**What to work on**
The answer must consist solely of the lines below starting at the one containing "- Radio: AM/FM" and ending at the one containing "Poduszka wykonana jest", repeated exactly, with both ends included and all pictures omitted.

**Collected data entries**
---*---
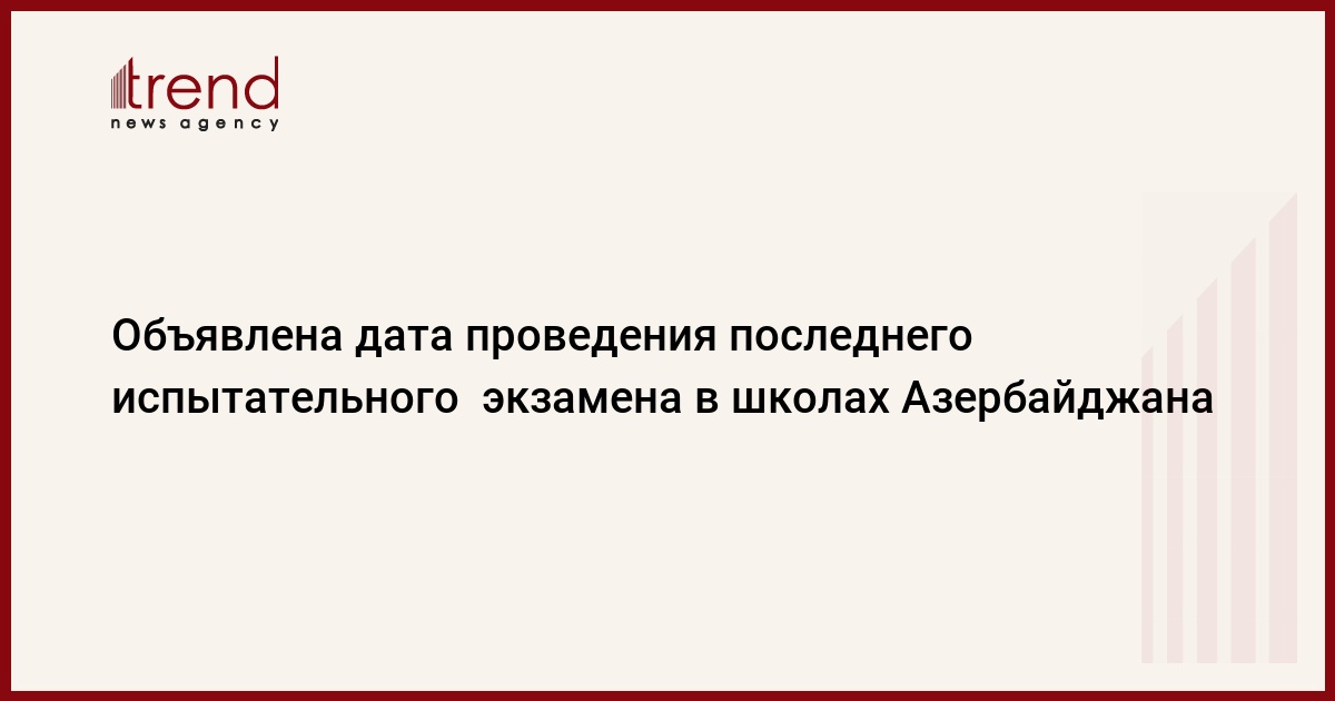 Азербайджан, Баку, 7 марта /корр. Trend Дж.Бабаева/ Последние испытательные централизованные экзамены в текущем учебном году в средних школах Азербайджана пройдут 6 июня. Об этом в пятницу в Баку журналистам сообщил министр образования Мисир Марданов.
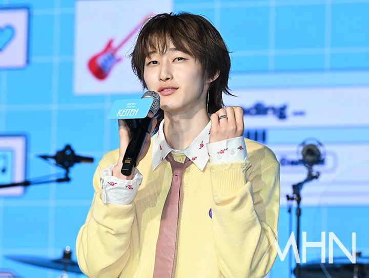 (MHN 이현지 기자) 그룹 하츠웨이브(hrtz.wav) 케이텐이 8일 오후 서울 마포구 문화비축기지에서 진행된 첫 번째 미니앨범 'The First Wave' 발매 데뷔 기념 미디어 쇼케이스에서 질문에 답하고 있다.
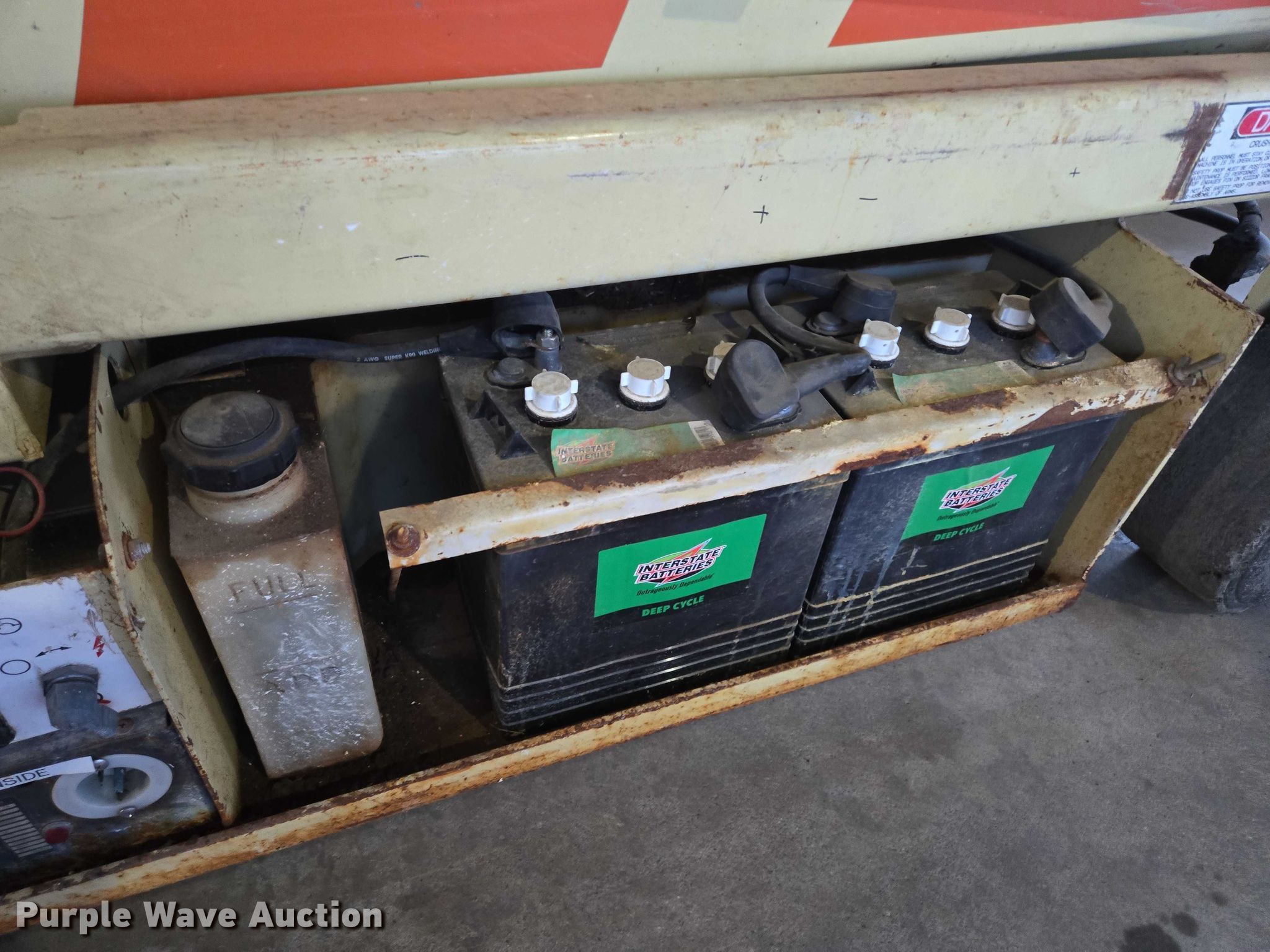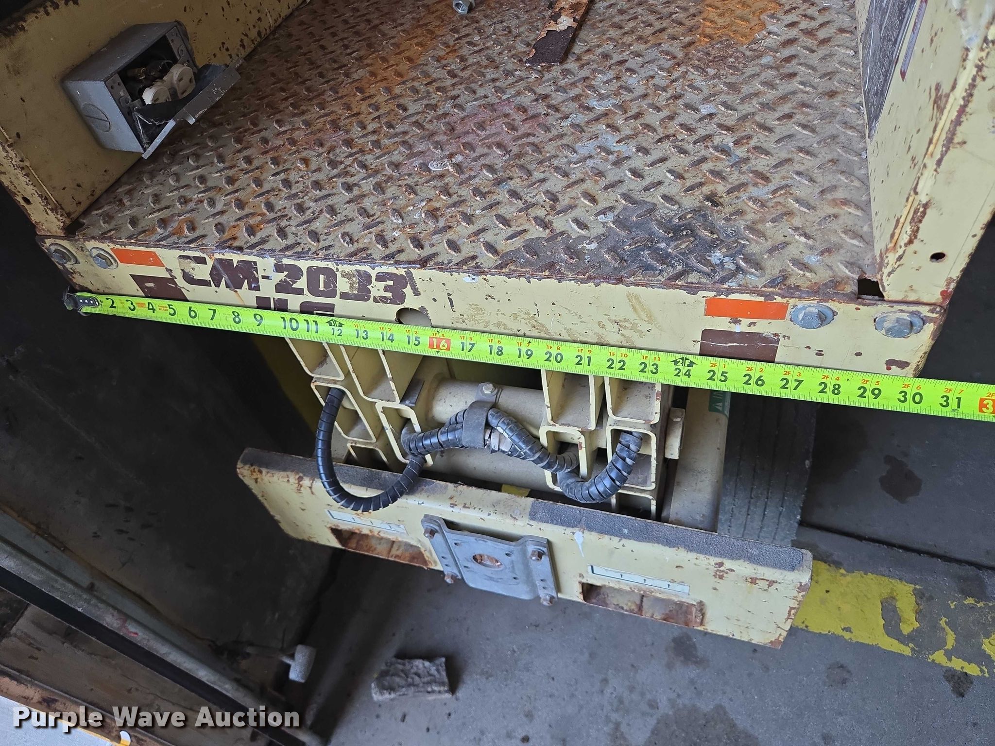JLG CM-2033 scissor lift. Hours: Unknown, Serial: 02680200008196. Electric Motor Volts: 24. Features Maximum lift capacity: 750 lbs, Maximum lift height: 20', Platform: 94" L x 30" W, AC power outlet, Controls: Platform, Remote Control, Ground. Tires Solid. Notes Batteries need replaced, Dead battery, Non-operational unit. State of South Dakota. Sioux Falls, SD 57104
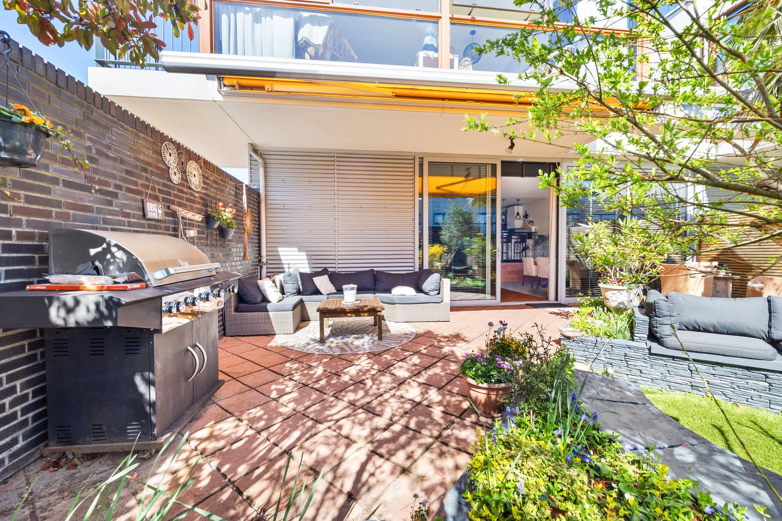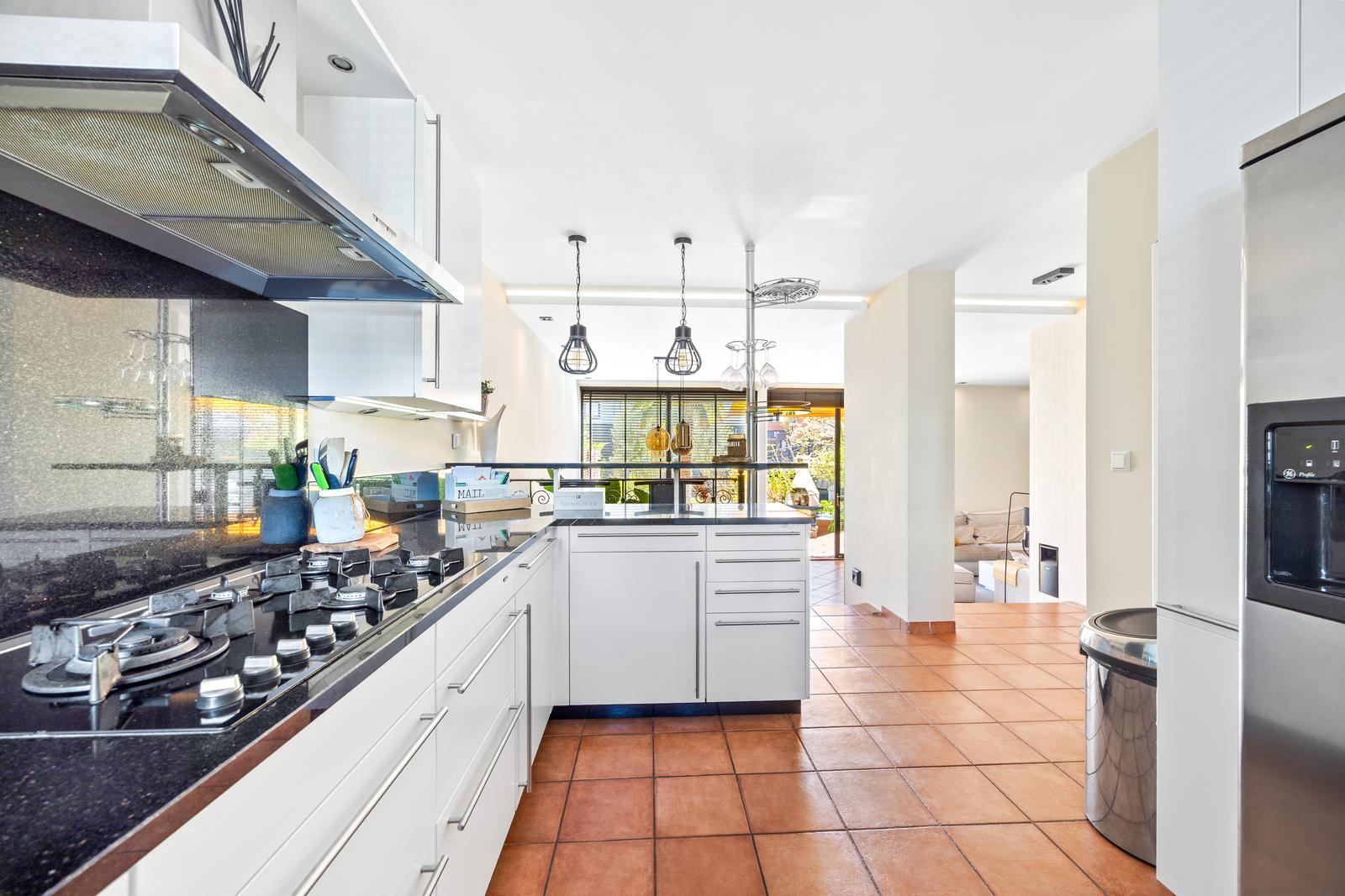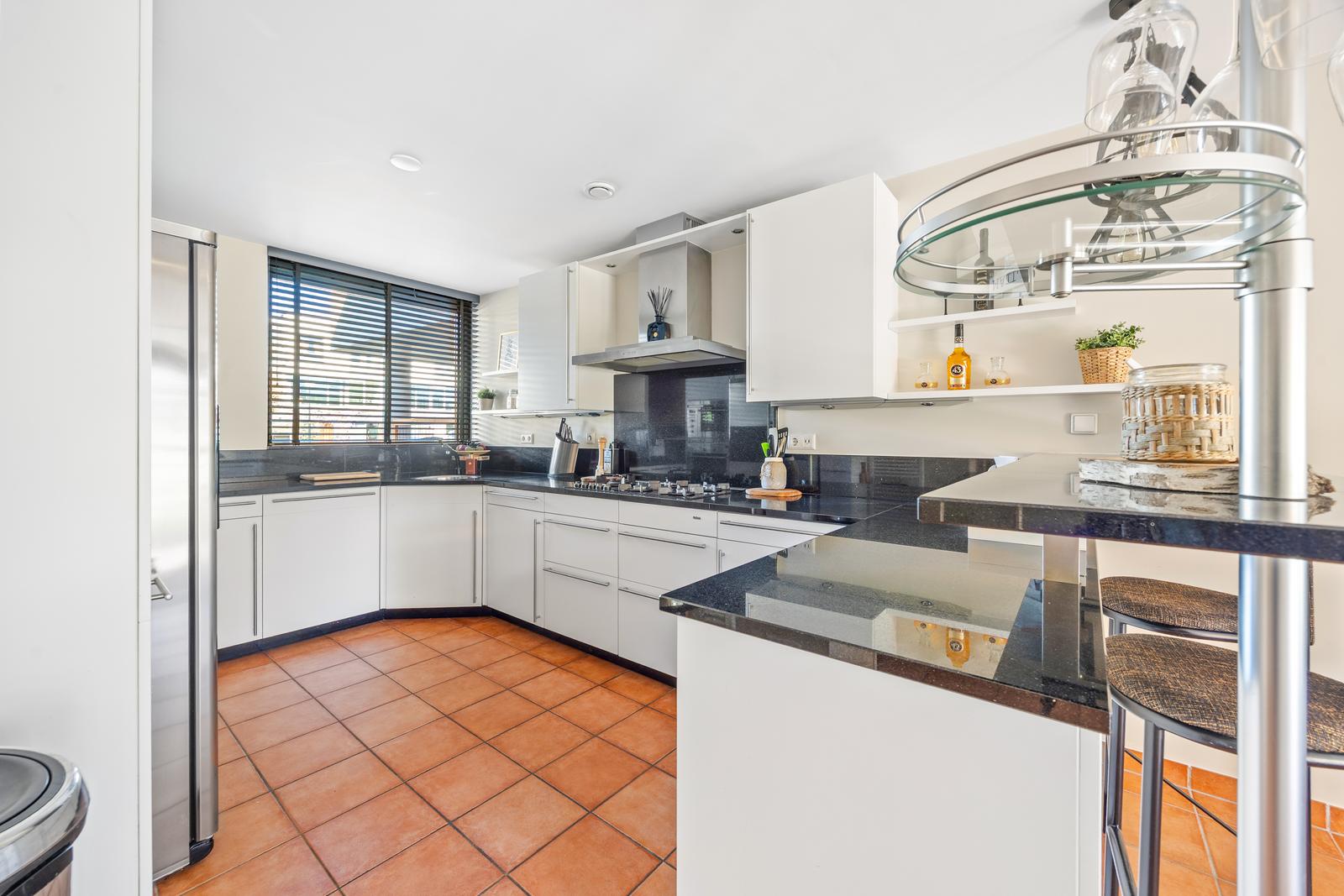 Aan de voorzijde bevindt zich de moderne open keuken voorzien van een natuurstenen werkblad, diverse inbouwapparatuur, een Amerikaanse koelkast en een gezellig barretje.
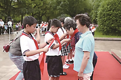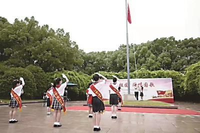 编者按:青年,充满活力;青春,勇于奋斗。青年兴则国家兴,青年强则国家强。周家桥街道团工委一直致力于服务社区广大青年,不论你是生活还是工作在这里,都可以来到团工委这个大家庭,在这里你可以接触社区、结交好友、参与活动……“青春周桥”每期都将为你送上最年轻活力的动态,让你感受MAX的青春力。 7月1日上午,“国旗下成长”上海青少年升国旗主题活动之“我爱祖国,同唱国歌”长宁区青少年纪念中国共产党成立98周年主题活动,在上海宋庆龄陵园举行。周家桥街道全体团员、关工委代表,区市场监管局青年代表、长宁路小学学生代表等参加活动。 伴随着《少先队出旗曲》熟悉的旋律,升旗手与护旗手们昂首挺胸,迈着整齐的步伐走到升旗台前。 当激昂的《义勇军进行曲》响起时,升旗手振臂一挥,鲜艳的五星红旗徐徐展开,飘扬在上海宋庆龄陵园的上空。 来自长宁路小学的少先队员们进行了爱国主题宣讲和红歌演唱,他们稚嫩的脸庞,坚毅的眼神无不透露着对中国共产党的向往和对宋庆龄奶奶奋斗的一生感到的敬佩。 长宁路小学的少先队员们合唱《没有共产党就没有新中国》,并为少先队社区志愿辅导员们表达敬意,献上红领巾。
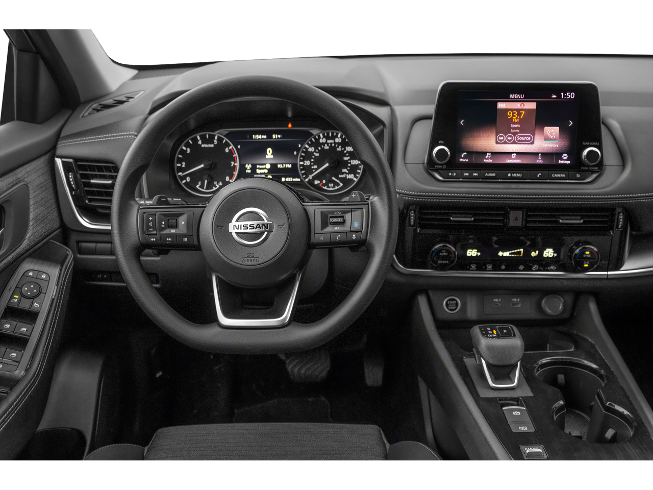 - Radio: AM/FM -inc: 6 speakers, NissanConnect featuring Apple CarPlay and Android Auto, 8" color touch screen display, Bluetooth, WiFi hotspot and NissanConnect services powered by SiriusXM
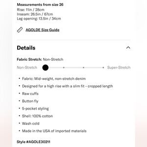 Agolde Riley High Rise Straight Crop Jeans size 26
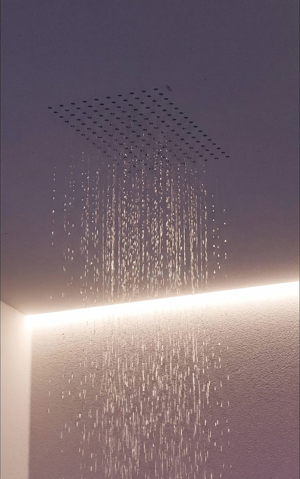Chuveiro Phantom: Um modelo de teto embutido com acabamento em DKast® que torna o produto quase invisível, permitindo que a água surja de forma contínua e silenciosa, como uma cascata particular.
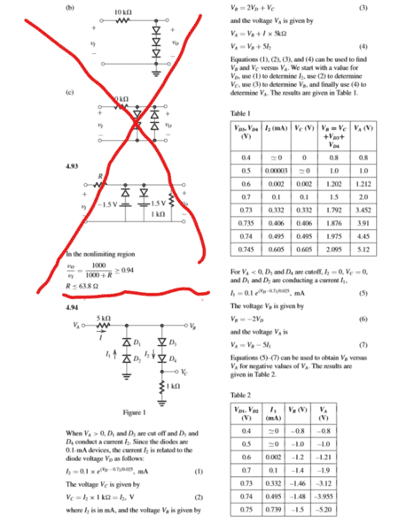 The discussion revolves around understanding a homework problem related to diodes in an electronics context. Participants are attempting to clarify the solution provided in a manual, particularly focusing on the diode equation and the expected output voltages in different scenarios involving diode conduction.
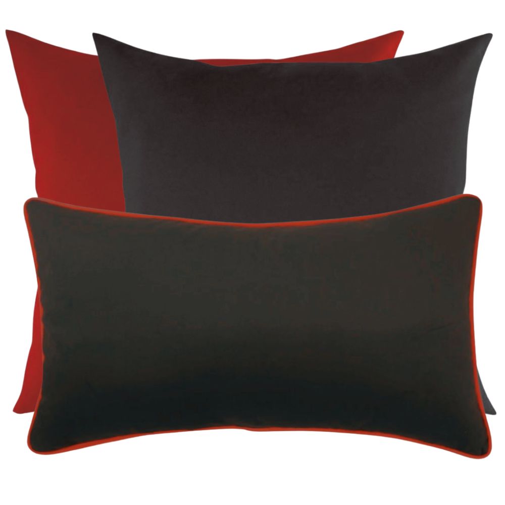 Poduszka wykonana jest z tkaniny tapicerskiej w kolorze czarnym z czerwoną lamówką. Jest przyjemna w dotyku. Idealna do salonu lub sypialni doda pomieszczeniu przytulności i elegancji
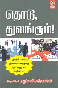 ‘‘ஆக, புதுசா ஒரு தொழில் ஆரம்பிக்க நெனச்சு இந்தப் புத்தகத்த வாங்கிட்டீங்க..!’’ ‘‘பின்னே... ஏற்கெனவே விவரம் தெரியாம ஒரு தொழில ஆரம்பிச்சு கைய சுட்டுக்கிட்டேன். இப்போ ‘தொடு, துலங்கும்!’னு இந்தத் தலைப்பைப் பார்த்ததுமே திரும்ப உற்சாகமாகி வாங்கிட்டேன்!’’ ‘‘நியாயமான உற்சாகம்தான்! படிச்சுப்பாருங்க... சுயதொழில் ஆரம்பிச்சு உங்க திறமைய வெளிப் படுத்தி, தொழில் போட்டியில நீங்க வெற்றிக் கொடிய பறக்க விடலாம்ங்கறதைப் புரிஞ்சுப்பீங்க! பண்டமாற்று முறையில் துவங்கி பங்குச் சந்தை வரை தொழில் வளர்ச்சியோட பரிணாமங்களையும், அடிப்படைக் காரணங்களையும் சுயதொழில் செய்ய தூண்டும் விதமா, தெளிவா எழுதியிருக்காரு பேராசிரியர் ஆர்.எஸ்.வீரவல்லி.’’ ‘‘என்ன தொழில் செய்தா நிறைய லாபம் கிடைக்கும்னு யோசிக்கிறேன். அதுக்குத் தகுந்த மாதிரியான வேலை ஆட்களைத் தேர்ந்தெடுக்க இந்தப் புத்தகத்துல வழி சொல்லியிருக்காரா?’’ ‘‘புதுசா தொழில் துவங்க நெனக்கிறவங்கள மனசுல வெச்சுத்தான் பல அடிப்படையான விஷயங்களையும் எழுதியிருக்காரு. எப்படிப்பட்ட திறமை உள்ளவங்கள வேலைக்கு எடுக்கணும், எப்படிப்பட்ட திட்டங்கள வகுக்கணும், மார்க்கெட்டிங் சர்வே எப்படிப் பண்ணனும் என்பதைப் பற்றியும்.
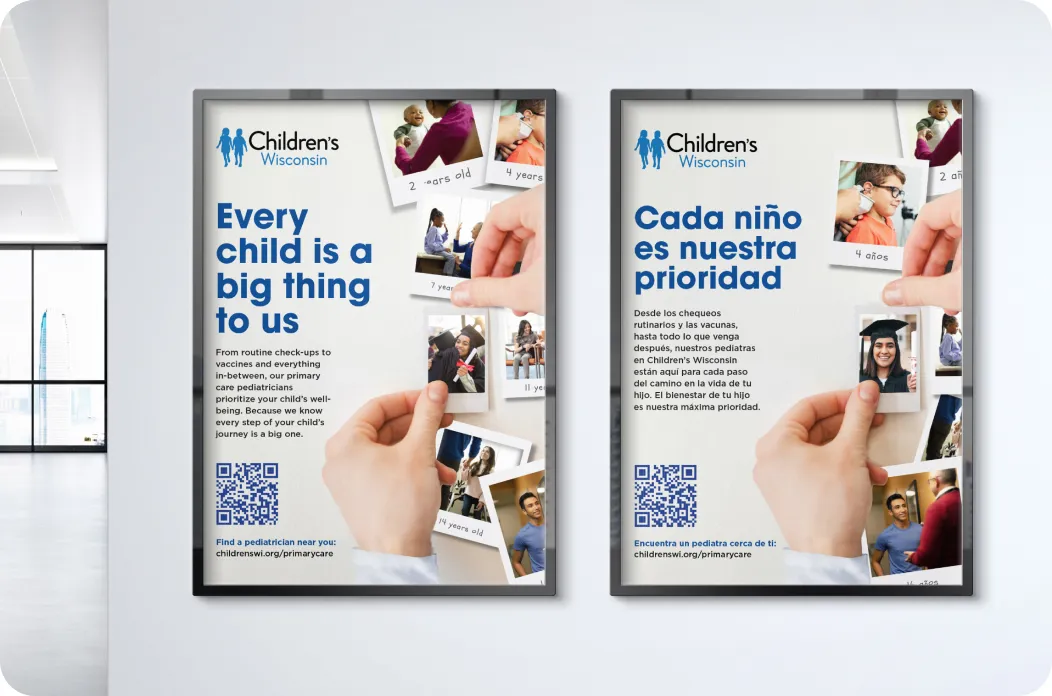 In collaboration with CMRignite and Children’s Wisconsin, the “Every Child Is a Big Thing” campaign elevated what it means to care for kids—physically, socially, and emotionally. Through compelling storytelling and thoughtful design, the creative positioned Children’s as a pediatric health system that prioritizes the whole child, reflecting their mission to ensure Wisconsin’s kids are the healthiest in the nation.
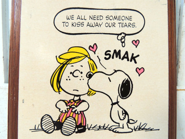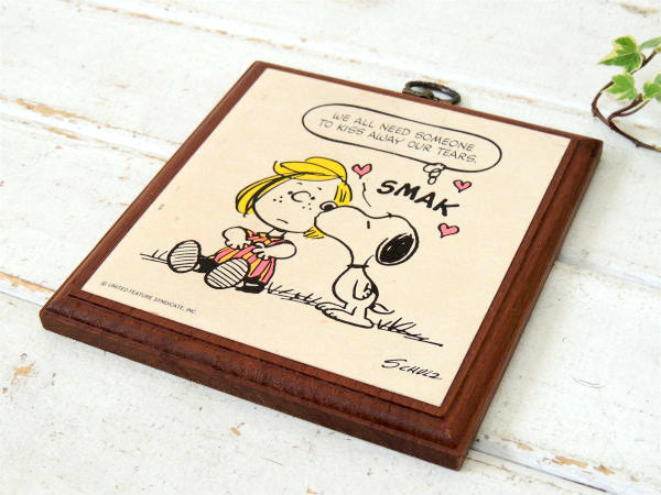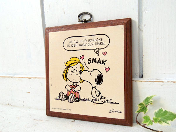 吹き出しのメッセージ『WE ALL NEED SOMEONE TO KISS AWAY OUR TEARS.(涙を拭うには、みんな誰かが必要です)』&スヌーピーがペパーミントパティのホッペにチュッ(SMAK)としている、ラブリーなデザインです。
---*---
**Response below**
 - Radio: AM/FM -inc: 6 speakers, NissanConnect featuring Apple CarPlay and Android Auto, 8" color touch screen display, Bluetooth, WiFi hotspot and NissanConnect services powered by SiriusXM
 Agolde Riley High Rise Straight Crop Jeans size 26
Chuveiro Phantom: Um modelo de teto embutido com acabamento em DKast® que torna o produto quase invisível, permitindo que a água surja de forma contínua e silenciosa, como uma cascata particular.
 The discussion revolves around understanding a homework problem related to diodes in an electronics context. Participants are attempting to clarify the solution provided in a manual, particularly focusing on the diode equation and the expected output voltages in different scenarios involving diode conduction.
 Poduszka wykonana jest z tkaniny tapicerskiej w kolorze czarnym z czerwoną lamówką. Jest przyjemna w dotyku. Idealna do salonu lub sypialni doda pomieszczeniu przytulności i elegancji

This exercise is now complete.